* **Work required**
Reproduction of part of the material below, pictures omitted: copy exactly, and only, the lines starting with the one with "Beauty portrait of" and going on through the one with "5.This vacuum sealer".

* **Working data**
▼

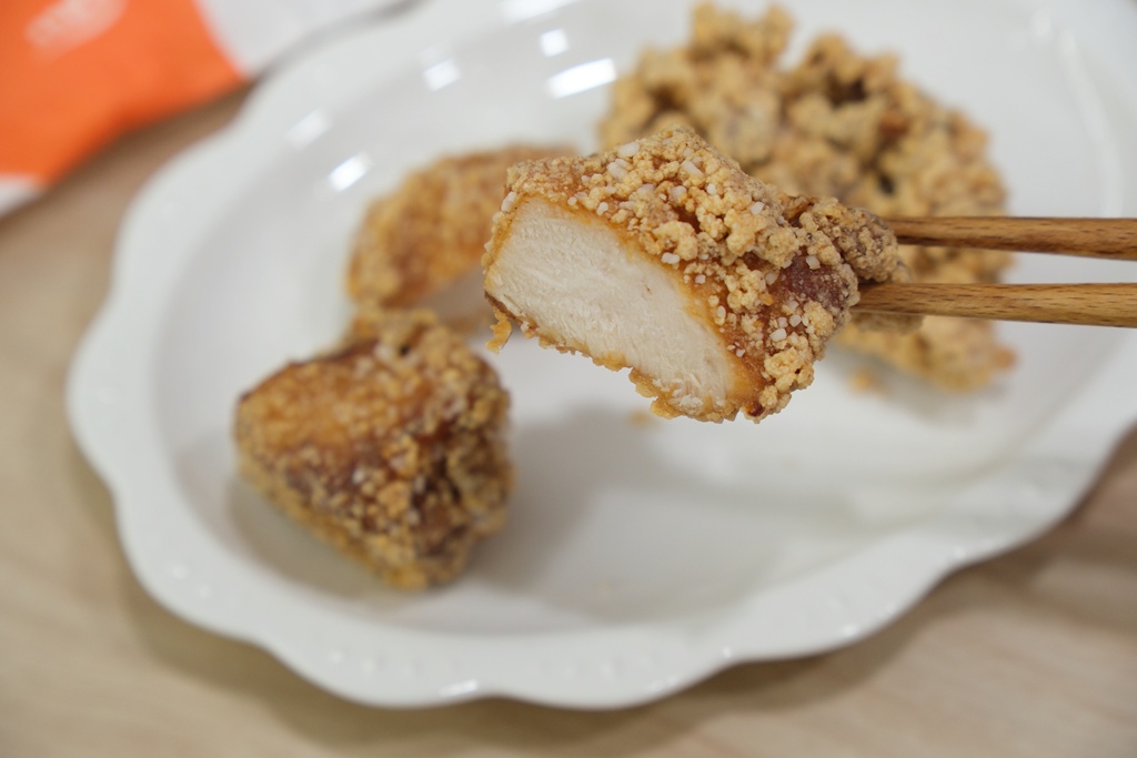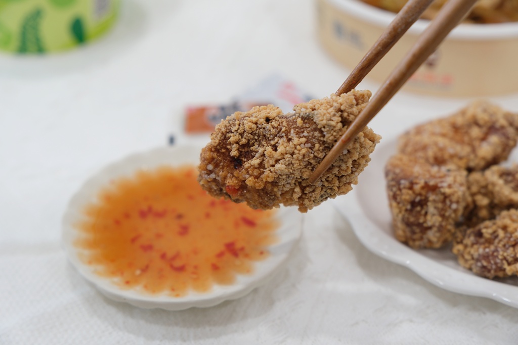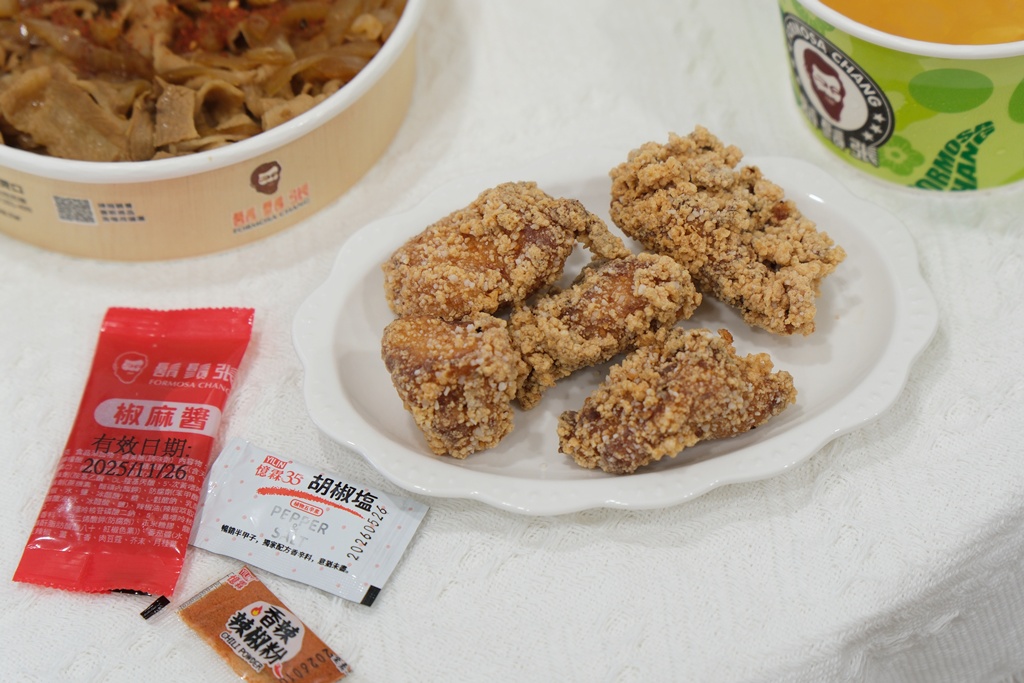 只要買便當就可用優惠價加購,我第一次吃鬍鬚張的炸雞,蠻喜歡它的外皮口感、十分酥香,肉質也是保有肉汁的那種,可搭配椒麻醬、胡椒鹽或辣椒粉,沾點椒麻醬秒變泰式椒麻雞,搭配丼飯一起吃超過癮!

▲
▼

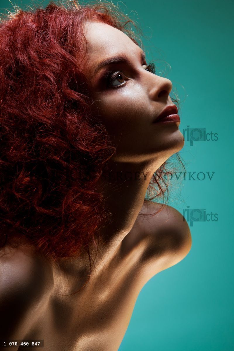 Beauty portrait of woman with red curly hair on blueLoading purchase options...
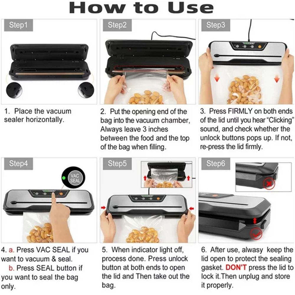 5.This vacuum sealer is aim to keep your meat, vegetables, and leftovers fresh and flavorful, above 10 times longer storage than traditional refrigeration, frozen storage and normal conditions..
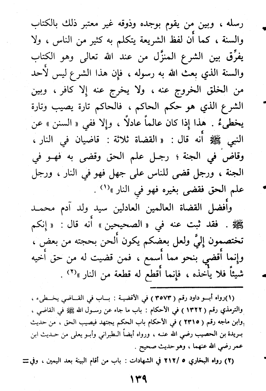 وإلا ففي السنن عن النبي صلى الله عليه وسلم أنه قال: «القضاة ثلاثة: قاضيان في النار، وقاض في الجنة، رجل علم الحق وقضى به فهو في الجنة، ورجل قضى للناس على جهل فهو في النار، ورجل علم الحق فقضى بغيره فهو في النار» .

▲
▼

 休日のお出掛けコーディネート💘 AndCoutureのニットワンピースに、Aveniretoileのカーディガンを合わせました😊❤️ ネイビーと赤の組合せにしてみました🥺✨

▲

* **Exercise response**
 Beauty portrait of woman with red curly hair on blueLoading purchase options...
 5.This vacuum sealer is aim to keep your meat, vegetables, and leftovers fresh and flavorful, above 10 times longer storage than traditional refrigeration, frozen storage and normal conditions..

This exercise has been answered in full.